Radical Attack - Priority (Cover Artwork)
Staff Review

Radical Attack

Priority (2006)

Ghost Town [CD] / Vinyl Addict [LP]


I know what your mother said, but that shouldn't stop you from judging this by its cover. This band is GOOFY. Not like the Atom and His Package, "hey look, I'm an individual" sense, but if you take a band like Radical Attack too seriously you could end up with a hernia.

Blasting out 23 songs in what seems like just as many minutes (plus the time taken flipping between the record's side A and B), Radical Attack churns forth a heavy, meaty style of hardcore with a crusty overtone. That's not to say they play crust though, but rather borrow from its aesthetic with vocals that hit somewhere between Siege and Napalm Death and brief explosions of hard-hitting tracks that aren't too different from contemporaries like Outbreak.

While the majority of the form can easily be identified as hardcore punk, the band isn't afraid to dip its toes in gloomy sludge parts or vicious blast beats, often Jekyll-and-Hyding between the two. Some even take on powerviolence nature, like the 14-second "Muckmen" whose lyrical entirety consists of the screams "Blank stare, addicted fool / Give it up, your head's about to explode!."

Which brings me to another point: Radical Attack is an overtly straight-edge band. This is where much of the ridiculousness kicks in. Though it's hard to decipher if you're not looking at a lyrics sheet (I thought I heard "You fucking dwarf!" in the song "Worm") many of Rad Attack's lyrics are as over-the-top as can be. Take "Light ‘Em Up," for example: "White cancer sticks rolls on the streets / Keep that shit inside your car / 'Cause I am getting fired up / You're going to feel my rage / When you flick it out / It's burning me and I hate / This world you think you're in / Makes me wanna…light you up!" Hilarity.

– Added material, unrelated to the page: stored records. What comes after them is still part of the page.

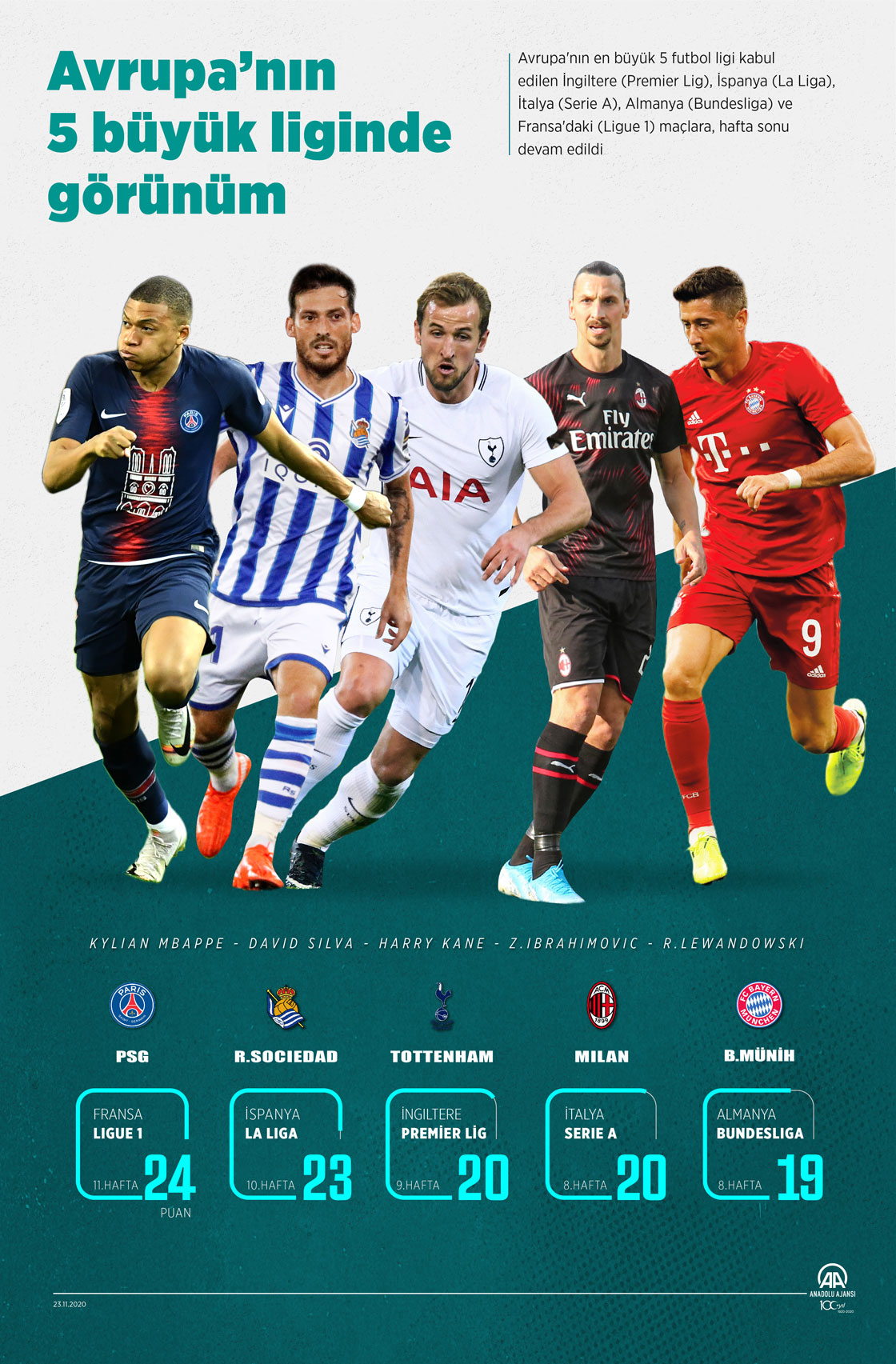 Avrupa'nın en büyük 5 futbol ligi kabul edilen İngiltere (Premier Lig), İspanya (La Liga), İtalya (Serie A), Almanya (Bundesliga) ve Fransa'daki (Ligue 1) maçlara, hafta sonu devam edildi. ( Yasin Demirci - Anadolu Ajansı )
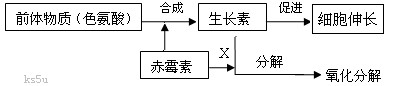 (4)图中X表示赤霉素对生长素的分解具有 作用,这种作用很可能是通过降低该过程中 的活性来实现。植物出现恶苗病现象的原因是 过多。
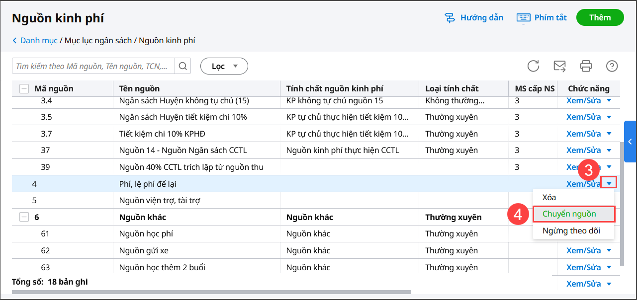 Bước 3: Nhấn chuột vào hình mũi tên tại dòng nguồn kinh phí cần chuyển đi trên danh sách, chọn chức năng Chuyển nguồn.
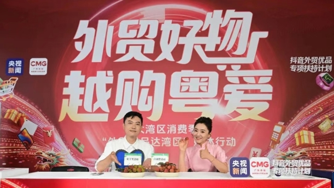 5月24日,“购在中国·2025大湾区消费季”启动,央视新闻联合总台广东总站发起“外贸优品达湾区”媒体行动。作为“重头戏”之一,24日下午,央视新闻联手抖音生活服务,推出《外贸好物 越购“粤”爱》外贸优品专场直播活动,助力外贸企业打开内销大门。直播间里人气高涨,网友的每一次下单,都是为内外贸一体化“打气加油”。
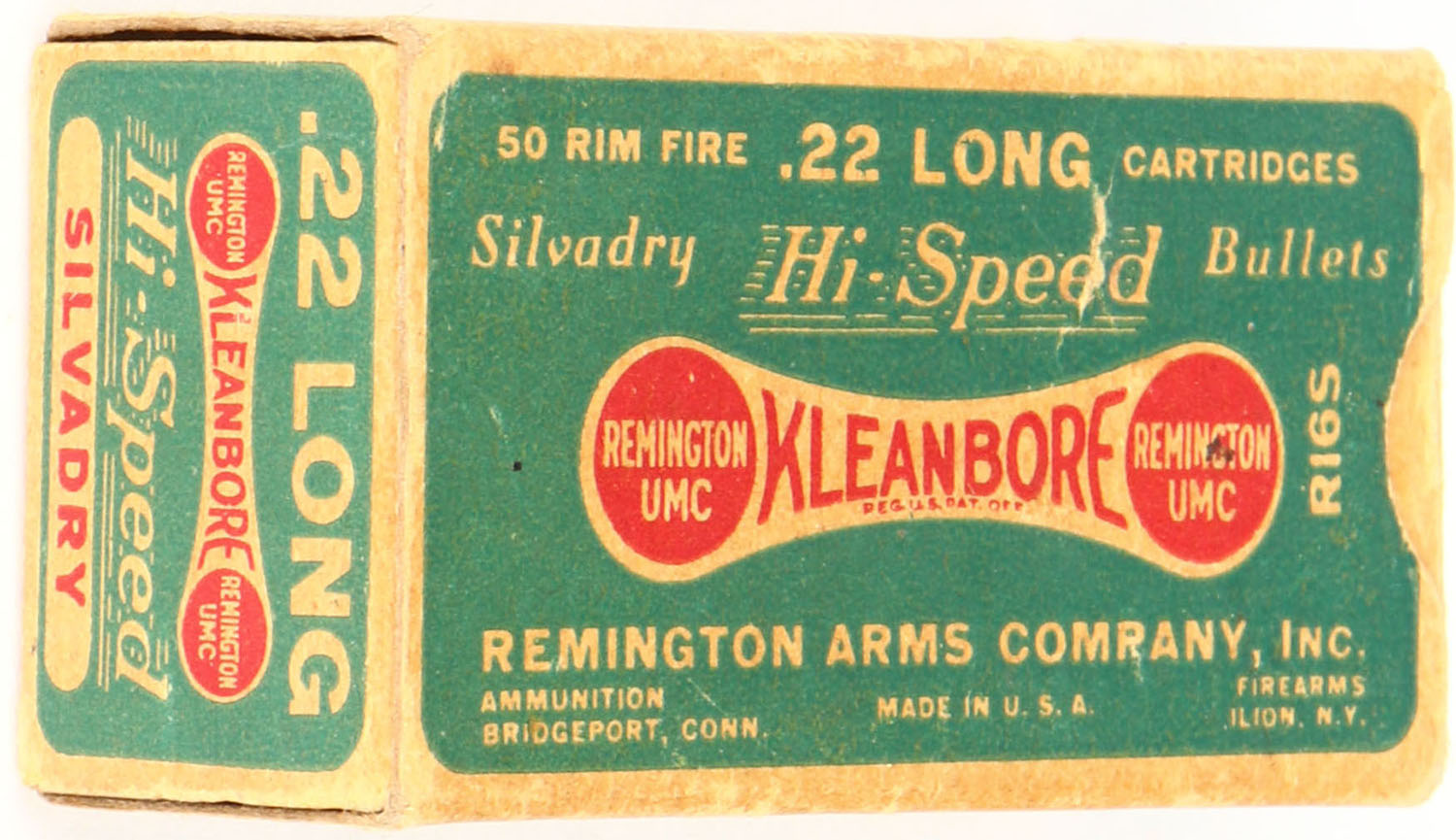 Remington, Silvadry Hi-Speed Kleanbore, .22 Long, RHWeb: REM-7.5 L-1b, Full, 1pc. Green buff & red dog bone box, box is solid with excellent color, very minor shelf & corner wear, edges are mostly crisp, end flaps are solid, ammo is excellent. Grade: Excellent - Value: 70 to 100
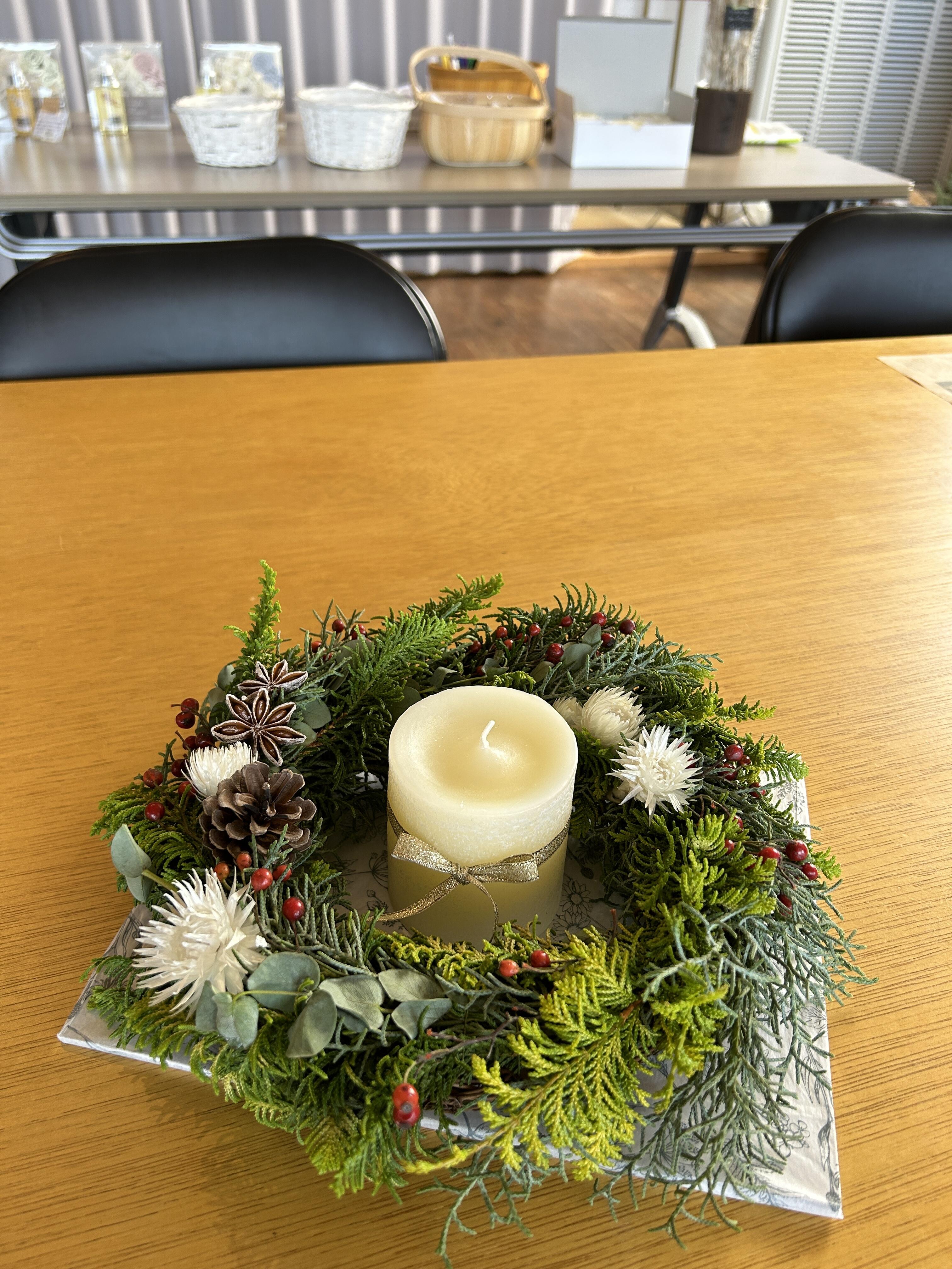 ヒバの枝葉でパピヨン型をつくり、コットンドライフラワーを装飾

The band also seems to mimic a lyrical theme of fellow Canadians Propagandhi on "Four More Years," though with substantially less grace: "Four more years of ‘What the fuck?' / Doesn't matter who lost or won / Neither one was right or wrong."

Priority is a fun listen if you don't miss the point, taking advantage of the energy and enthusiasm to get your blood flowing, and the (un?)intentionally outrageous lyrics for comic relief.